#### Task data
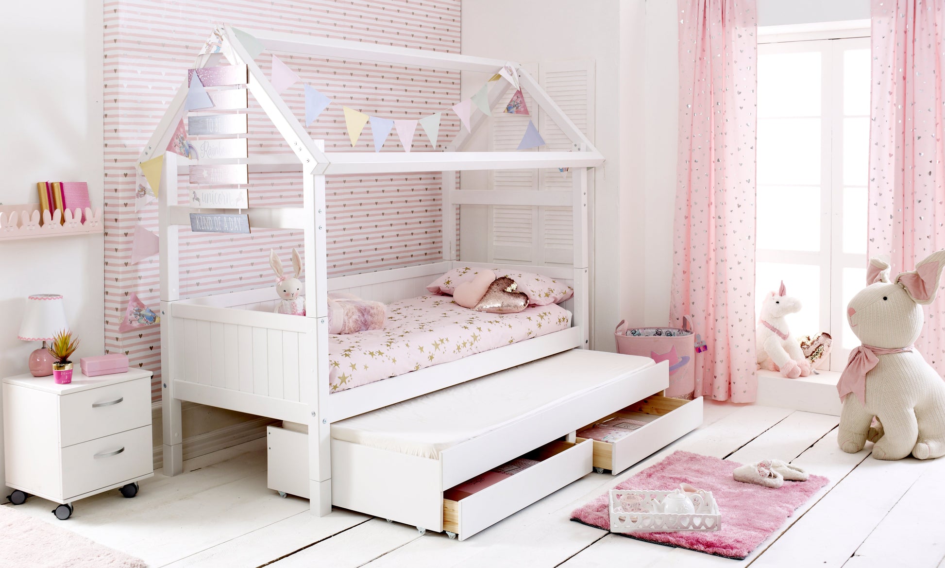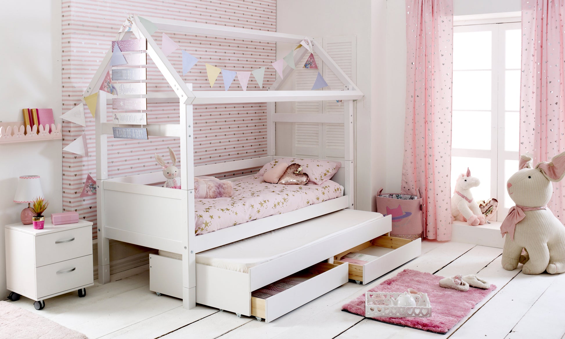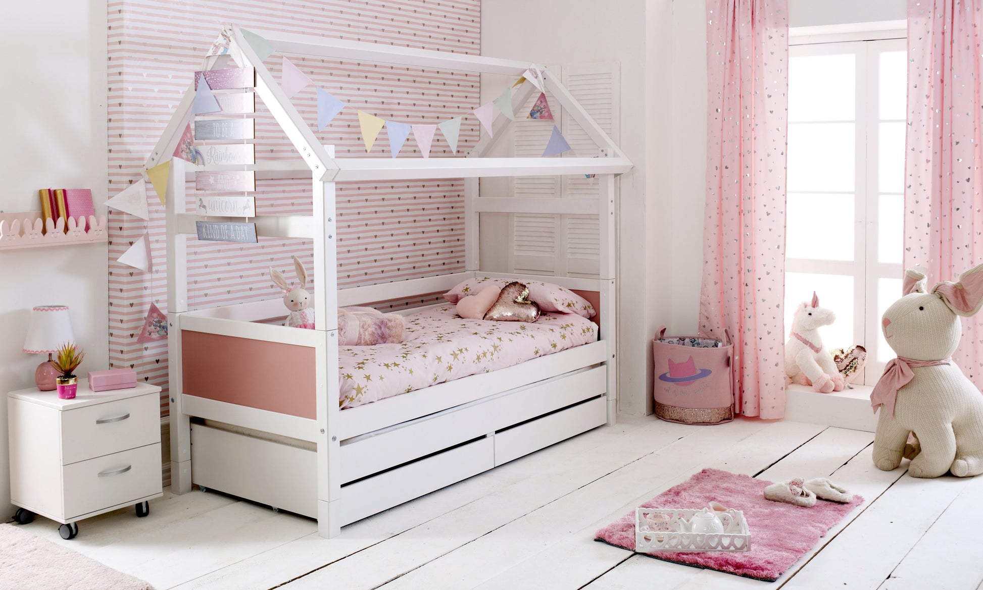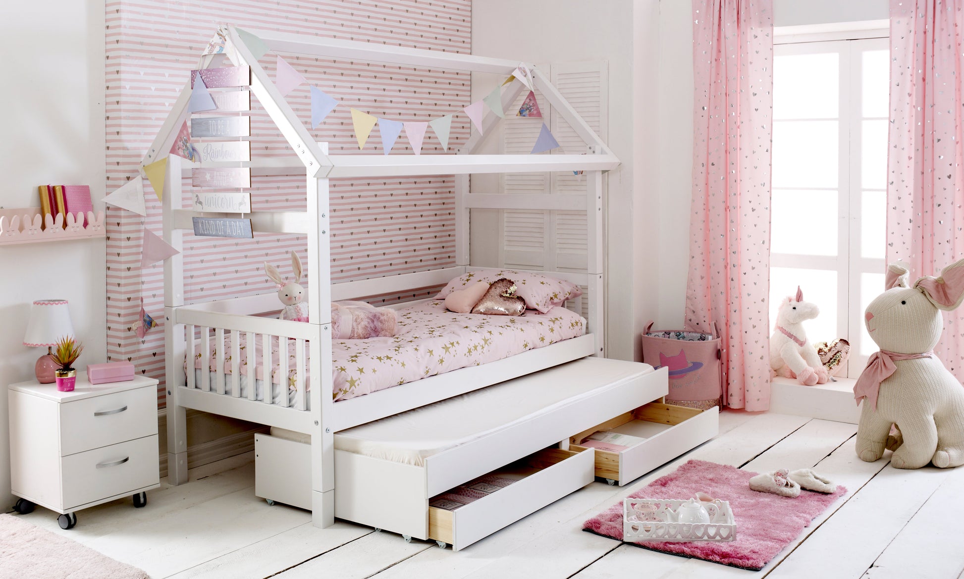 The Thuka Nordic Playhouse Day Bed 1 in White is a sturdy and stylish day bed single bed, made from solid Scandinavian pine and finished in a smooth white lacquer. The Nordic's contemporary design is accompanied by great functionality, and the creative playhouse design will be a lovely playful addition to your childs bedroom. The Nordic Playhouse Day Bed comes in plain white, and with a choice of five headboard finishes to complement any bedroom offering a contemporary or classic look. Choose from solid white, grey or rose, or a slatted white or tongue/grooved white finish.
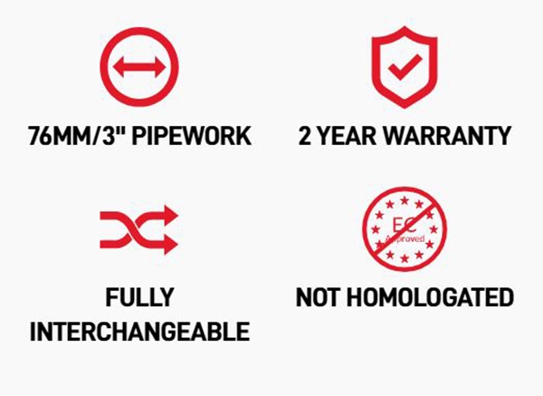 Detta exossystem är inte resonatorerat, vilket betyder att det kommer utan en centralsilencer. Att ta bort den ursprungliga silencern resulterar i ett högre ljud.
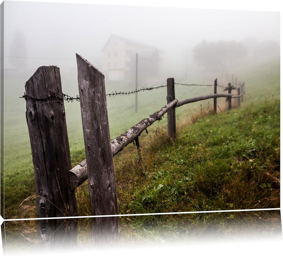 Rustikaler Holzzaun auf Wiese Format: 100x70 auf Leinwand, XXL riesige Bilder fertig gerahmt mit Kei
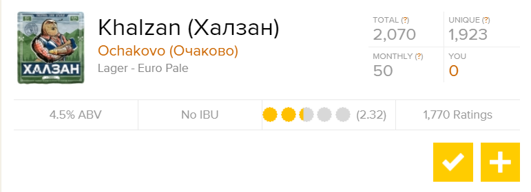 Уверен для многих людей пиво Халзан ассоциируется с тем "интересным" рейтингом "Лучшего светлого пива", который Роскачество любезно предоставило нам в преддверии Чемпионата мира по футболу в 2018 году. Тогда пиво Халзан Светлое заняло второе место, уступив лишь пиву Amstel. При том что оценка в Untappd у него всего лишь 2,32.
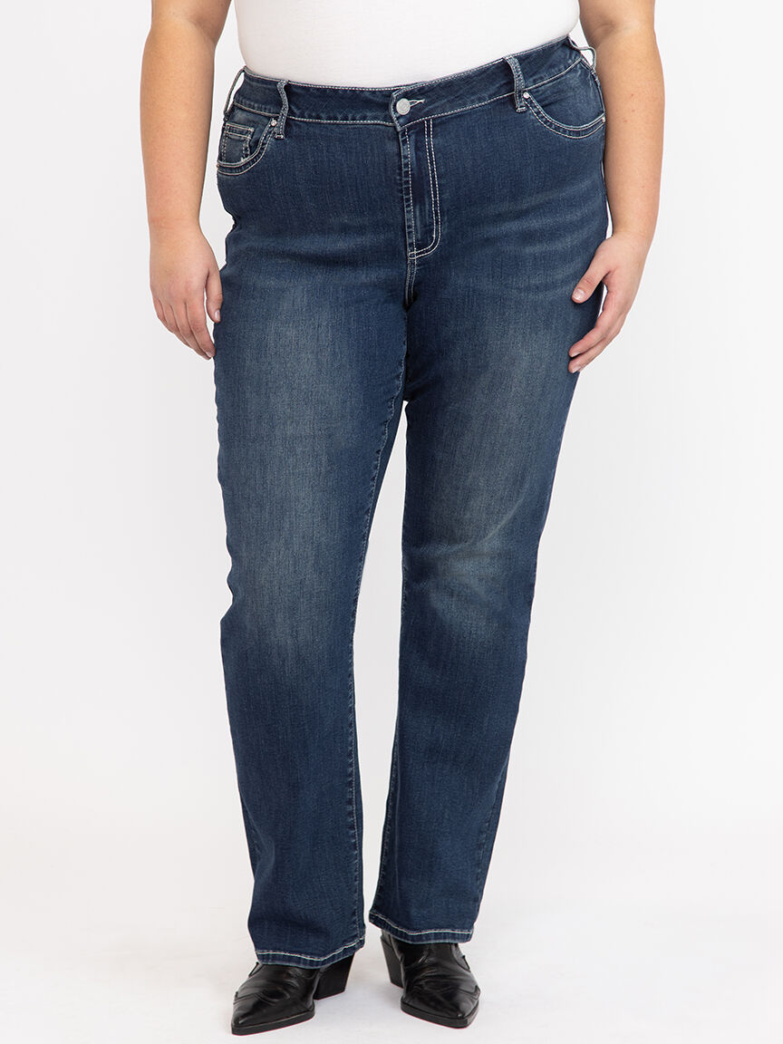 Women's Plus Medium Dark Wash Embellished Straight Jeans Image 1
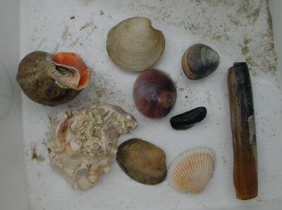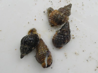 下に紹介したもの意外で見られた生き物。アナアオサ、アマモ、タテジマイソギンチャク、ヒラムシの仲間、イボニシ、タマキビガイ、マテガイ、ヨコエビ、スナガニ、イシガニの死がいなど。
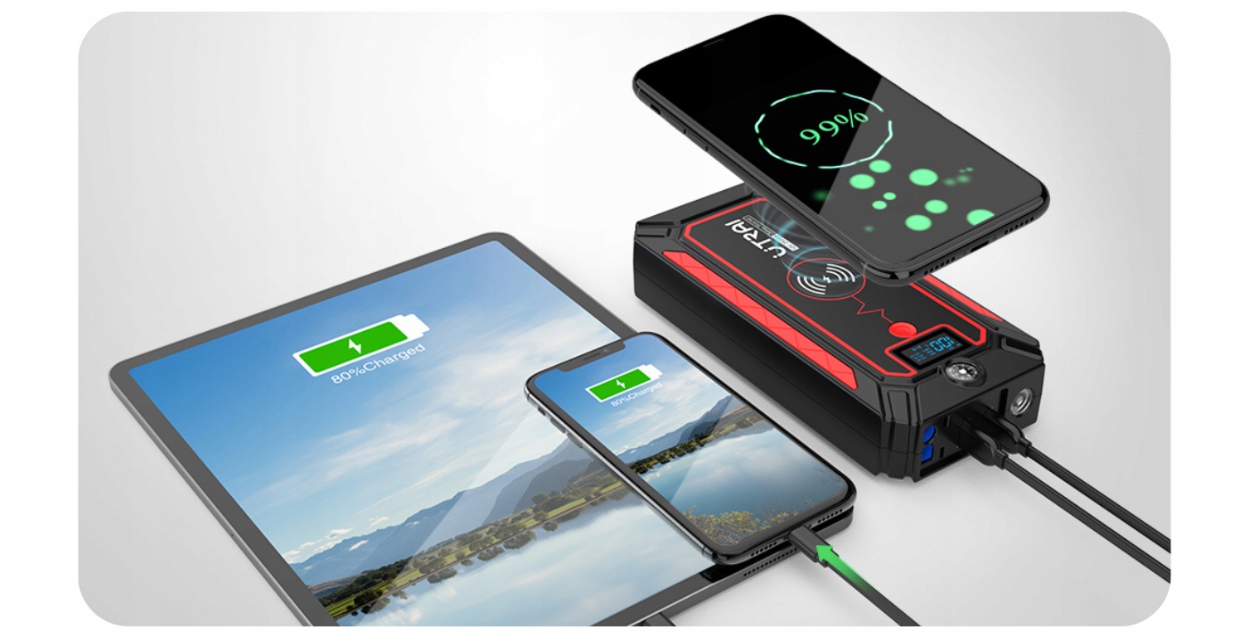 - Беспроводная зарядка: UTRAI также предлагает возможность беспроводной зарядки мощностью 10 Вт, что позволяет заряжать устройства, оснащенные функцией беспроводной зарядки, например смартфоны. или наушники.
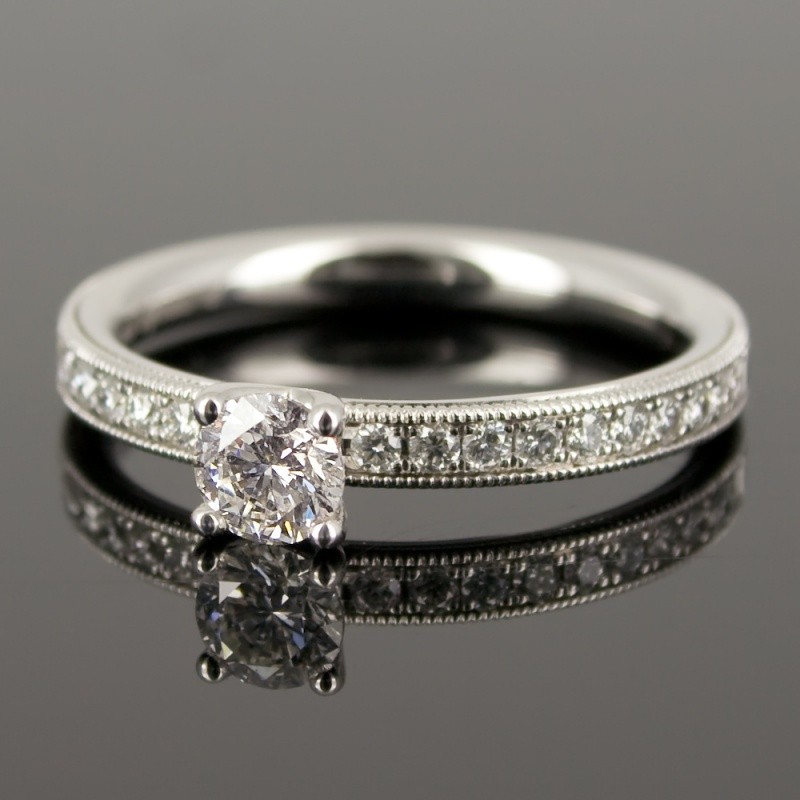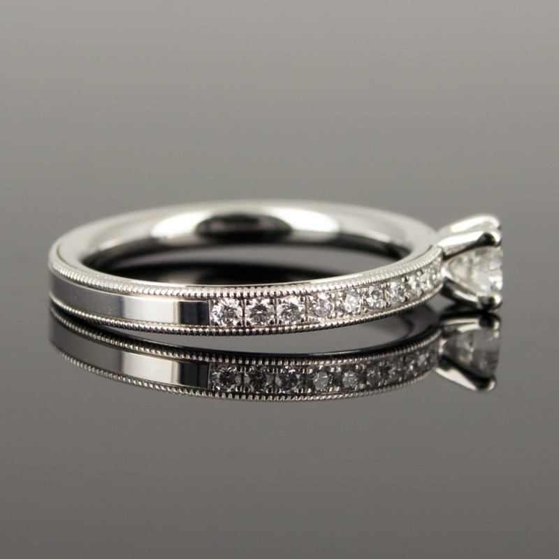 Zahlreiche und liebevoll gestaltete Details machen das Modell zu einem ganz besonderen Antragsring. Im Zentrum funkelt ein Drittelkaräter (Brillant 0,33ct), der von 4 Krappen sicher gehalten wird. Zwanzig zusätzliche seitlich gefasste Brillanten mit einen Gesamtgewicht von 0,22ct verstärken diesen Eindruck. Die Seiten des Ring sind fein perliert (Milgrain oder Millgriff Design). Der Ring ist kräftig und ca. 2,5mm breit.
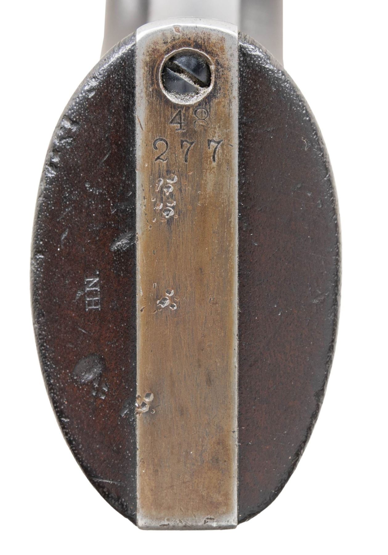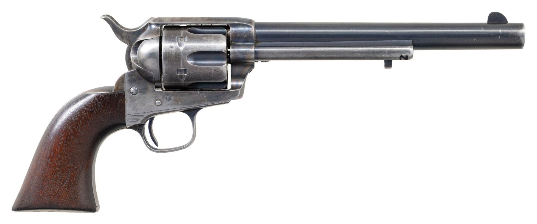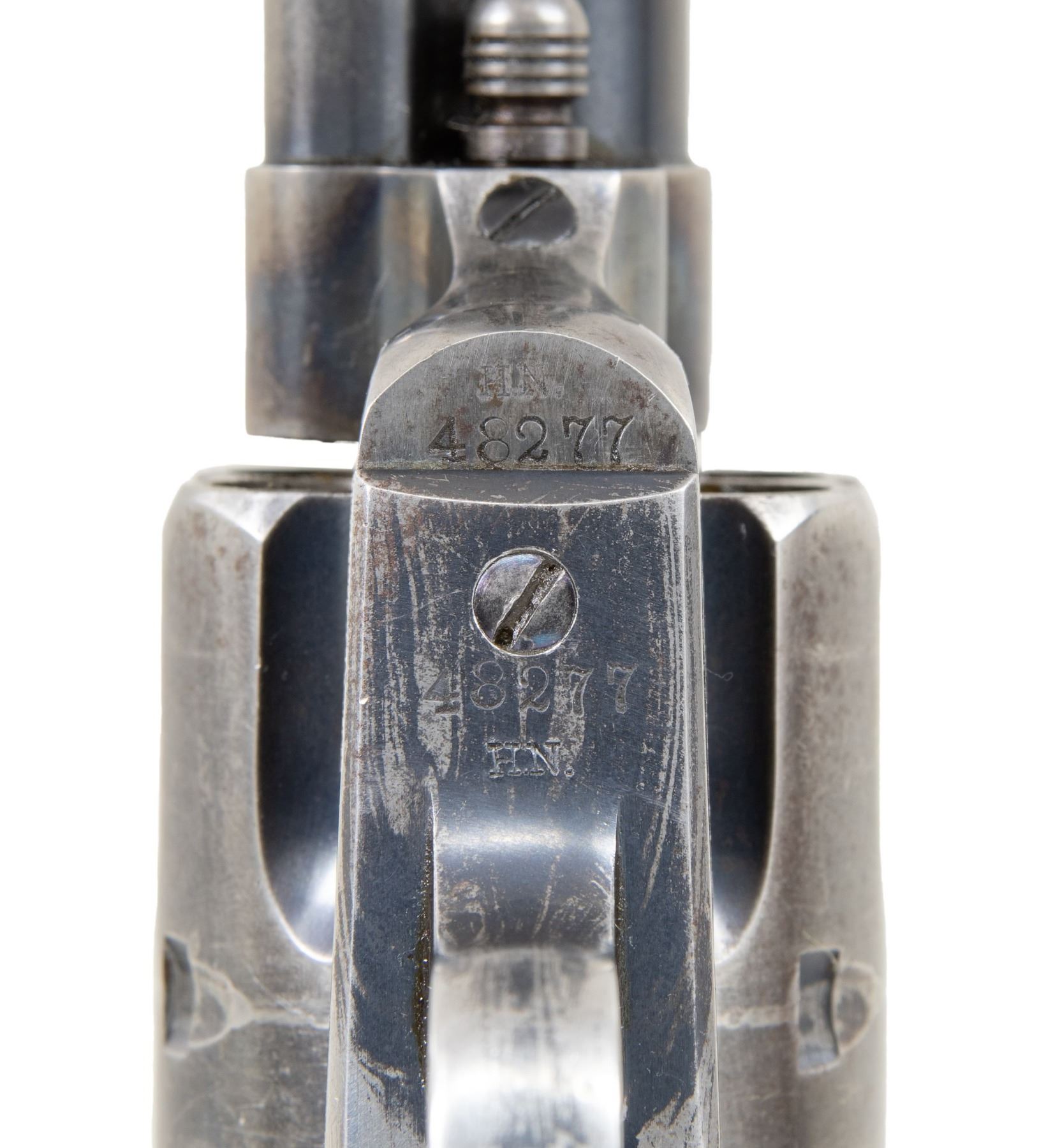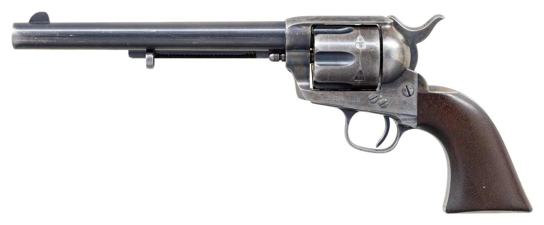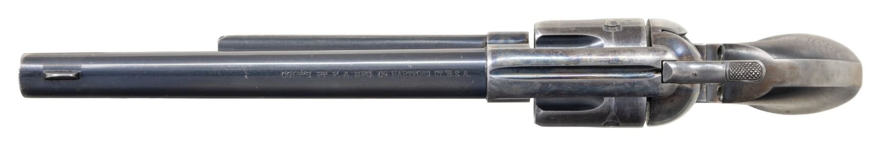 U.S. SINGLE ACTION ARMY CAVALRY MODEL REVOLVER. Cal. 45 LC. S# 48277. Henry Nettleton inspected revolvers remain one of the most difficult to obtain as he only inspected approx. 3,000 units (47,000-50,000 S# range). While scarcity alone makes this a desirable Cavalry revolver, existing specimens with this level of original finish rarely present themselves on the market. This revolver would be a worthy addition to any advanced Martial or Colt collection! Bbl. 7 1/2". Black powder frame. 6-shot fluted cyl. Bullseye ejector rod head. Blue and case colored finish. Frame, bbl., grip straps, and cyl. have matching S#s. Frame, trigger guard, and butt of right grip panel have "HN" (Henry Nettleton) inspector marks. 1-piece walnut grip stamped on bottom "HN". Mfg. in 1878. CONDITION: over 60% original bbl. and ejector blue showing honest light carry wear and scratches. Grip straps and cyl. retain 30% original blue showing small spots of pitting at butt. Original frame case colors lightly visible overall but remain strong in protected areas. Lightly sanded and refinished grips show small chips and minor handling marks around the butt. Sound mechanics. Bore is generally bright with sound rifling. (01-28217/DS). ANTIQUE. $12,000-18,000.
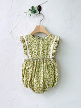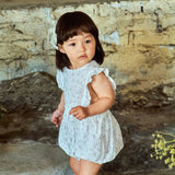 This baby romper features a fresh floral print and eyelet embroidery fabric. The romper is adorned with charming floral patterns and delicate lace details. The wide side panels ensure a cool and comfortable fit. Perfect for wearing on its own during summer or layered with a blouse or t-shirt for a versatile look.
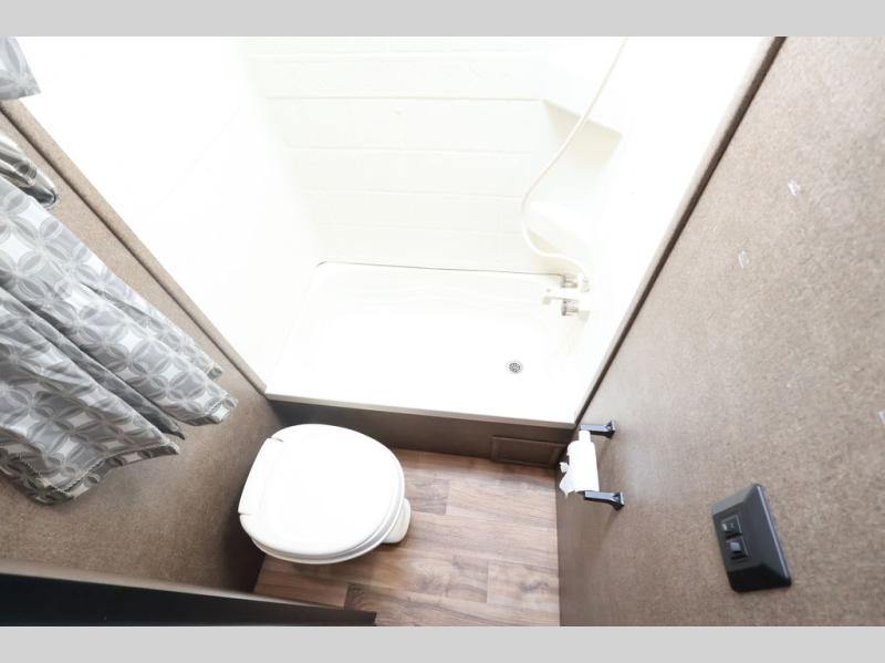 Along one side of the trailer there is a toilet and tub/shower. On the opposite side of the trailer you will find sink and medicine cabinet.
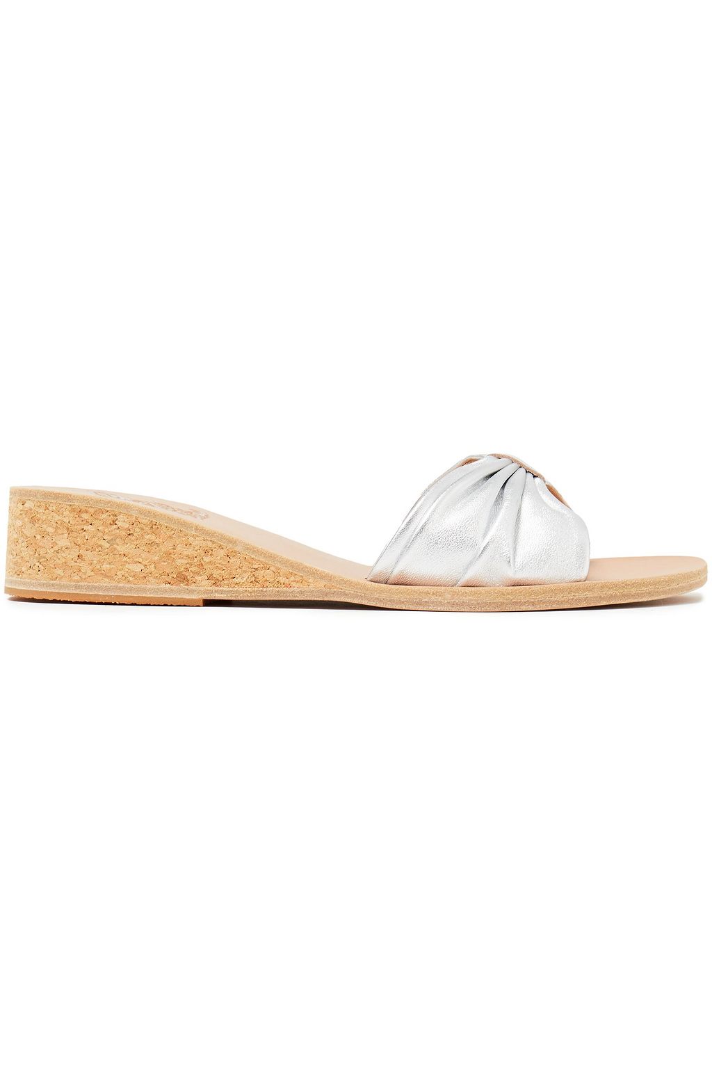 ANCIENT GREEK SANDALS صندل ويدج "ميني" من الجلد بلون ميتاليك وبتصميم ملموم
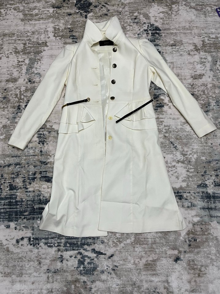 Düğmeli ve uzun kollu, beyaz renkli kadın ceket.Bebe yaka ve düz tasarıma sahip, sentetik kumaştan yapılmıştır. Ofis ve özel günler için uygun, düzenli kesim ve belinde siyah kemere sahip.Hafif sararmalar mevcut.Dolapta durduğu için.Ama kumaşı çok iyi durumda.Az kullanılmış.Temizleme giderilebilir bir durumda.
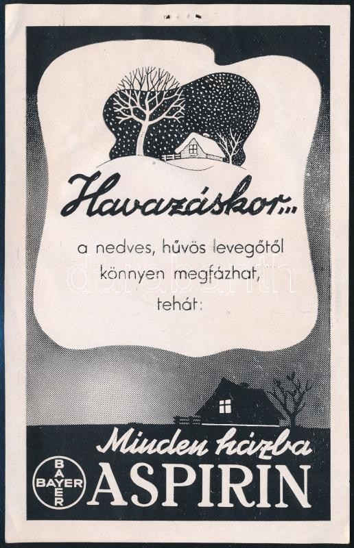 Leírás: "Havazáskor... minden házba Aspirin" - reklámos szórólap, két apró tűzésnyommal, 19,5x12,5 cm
########
Instructions to follow:
Copy word for word the lines above, starting at the line containing "Detta exossystem är" and ending at the line containing "- Беспроводная зарядка: UTRAI", inclusive, with no pictures.

Final answer:
 Detta exossystem är inte resonatorerat, vilket betyder att det kommer utan en centralsilencer. Att ta bort den ursprungliga silencern resulterar i ett högre ljud.
 Rustikaler Holzzaun auf Wiese Format: 100x70 auf Leinwand, XXL riesige Bilder fertig gerahmt mit Kei
 Уверен для многих людей пиво Халзан ассоциируется с тем "интересным" рейтингом "Лучшего светлого пива", который Роскачество любезно предоставило нам в преддверии Чемпионата мира по футболу в 2018 году. Тогда пиво Халзан Светлое заняло второе место, уступив лишь пиву Amstel. При том что оценка в Untappd у него всего лишь 2,32.
 Women's Plus Medium Dark Wash Embellished Straight Jeans Image 1
 下に紹介したもの意外で見られた生き物。アナアオサ、アマモ、タテジマイソギンチャク、ヒラムシの仲間、イボニシ、タマキビガイ、マテガイ、ヨコエビ、スナガニ、イシガニの死がいなど。
 - Беспроводная зарядка: UTRAI также предлагает возможность беспроводной зарядки мощностью 10 Вт, что позволяет заряжать устройства, оснащенные функцией беспроводной зарядки, например смартфоны. или наушники.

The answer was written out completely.